Dolan and Colleagues have done yet another fascinating piece of work, showing brain activity that correlates with the tendency of people to remain overly optimistic even when faced with information about a gloomy future (optimism bias). This is another example of 'not attending to bad news' (noted in a mindblog post last week as underlying some people having less ability to learn from their mistakes). The Sharot et al. study shows that people are selectively worse at incorporating information about a worse-than-expected future, and describes the learning signals in the brain that correlate with this bias:
Unrealistic optimism is a pervasive human trait that influences domains ranging from personal relationships to politics and finance. How people maintain unrealistic optimism, despite frequently encountering information that challenges those biased beliefs, is unknown. We examined this question and found a marked asymmetry in belief updating. Participants updated their beliefs more in response to information that was better than expected than to information that was worse. This selectivity was mediated by a relative failure to code for errors that should reduce optimism. Distinct regions of the prefrontal cortex tracked estimation errors when those called for positive update, both in individuals who scored high and low on trait optimism. However, highly optimistic individuals exhibited reduced tracking of estimation errors that called for negative update in right inferior prefrontal gyrus. These findings indicate that optimism is tied to a selective update failure and diminished neural coding of undesirable information regarding the future.

Monday, December 05, 2011

A gene that makes you appear to be kinder...

Kogan and colleagues at the Univ. of Toronto have examined some behavioral consequences of variations of the gene that codes for the receptor for the hormone oxytocin, since high levels of oxytocin are believed to make people more sociable. Volunteers (116) were asked to watch 23 brief silent videos that showed people with GG, GA, or AA versions of the gene responding to their partner telling them a story of personal suffering, and rate how kind and trustworthy the person in the video appeared to be. Those with the homozygous GG version of the oxytocin receptor gene were judged to be kinder than those with GA or AA versions, apparently because those with GG variations used significantly more non-verbal empathetic gestures in their storytelling such as smiling and nodding. Here is the abstract:
Individuals who are homozygous for the G allele of the rs53576 SNP of the oxytocin receptor (OXTR) gene tend to be more prosocial than carriers of the A allele. However, little is known about how these differences manifest behaviorally and whether they are readily detectable by outside observers, both critical questions in theoretical accounts of prosociality.
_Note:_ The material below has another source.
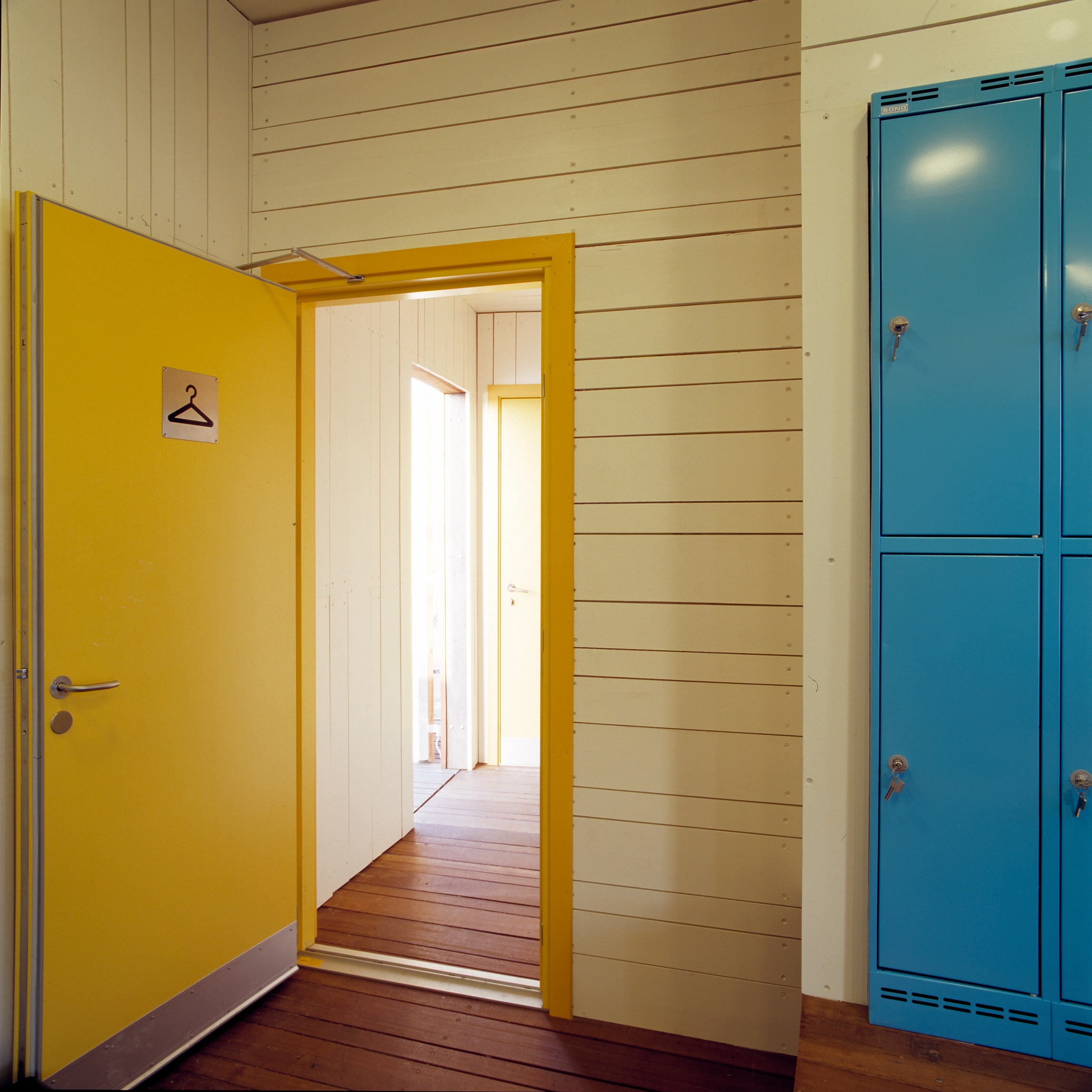 The aim was to use the shape to build in functions such as changing, sunbathing and bathing areas in a simple design that compares favourably with the wide expanse of the sea. A clear concept that is also faces the beach in a welcoming manner. This is nothing private or exclusive, rather a facility open to everyone, regardless of age, physical mobility or needs. Bathing is not compulsory, even thought it looks inviting.

In the present study, we used thin-slicing methodology to test the hypotheses that (i) individual differences in rs53576 genotype predict how prosocial observers judge target individuals to be on the basis of brief observations of behavior, and (ii) that variation in targets’ nonverbal displays of affiliative cues would account for these judgment differences. In line with predictions, we found that individuals homozygous for the G allele were judged to be more prosocial than carriers of the A allele. These differences were completely accounted for by variations in the expression of affiliative cues. Thus, individual differences in rs53576 are associated with behavioral manifestations of prosociality, which ultimately guide the judgments others make about the individual.

Friday, December 02, 2011

Why does synesthesia persist in the population?

Brang and Ramachandran do an interesting review of ideas on synesthesia, a condition present in 2%–4% of the population,in which a sensory stimulus presented to one modality elicits concurrent sensations in additional modalities. In two of the most common variants, auditory tones and achromatic (colorless) numbers produce vivid and perceptually salient colors. The authors point out that synesthesia can be associated with a wide variety of conceptual and perceptual benefits, suggesting that the gene(s) involved may have been selected for because of a hidden agenda. They speculate that increasing the range of sensory associations may extend to other systems such as creativity and metaphor (increasing the range of association between words). They point to examples of people with prodigious memories based largely on using synesthetic associations evoked by the items to be memorized.
In addition to facilitating processes in individual sensory modalities, synesthetes also show increased communication between the senses unrelated to their synesthetic experiences, suggesting that benefits from synesthesia generalize to other modalities as well, supporting their ability to process multisensory information. Furthermore, others have argued that synesthesia is the direct result of enhanced communication between the senses as a logical outgrowth of the cross-modality interactions present in all individuals. Taken collectively, these data suggest that synesthesia may be associated with enhanced primary sensory processing as well as the integration between the senses...synesthesia is a highly heritable phenomenon that is associated with numerous benefits to cognitive processing, potentially underscoring a basis for why this condition has survived evolutionary pressures.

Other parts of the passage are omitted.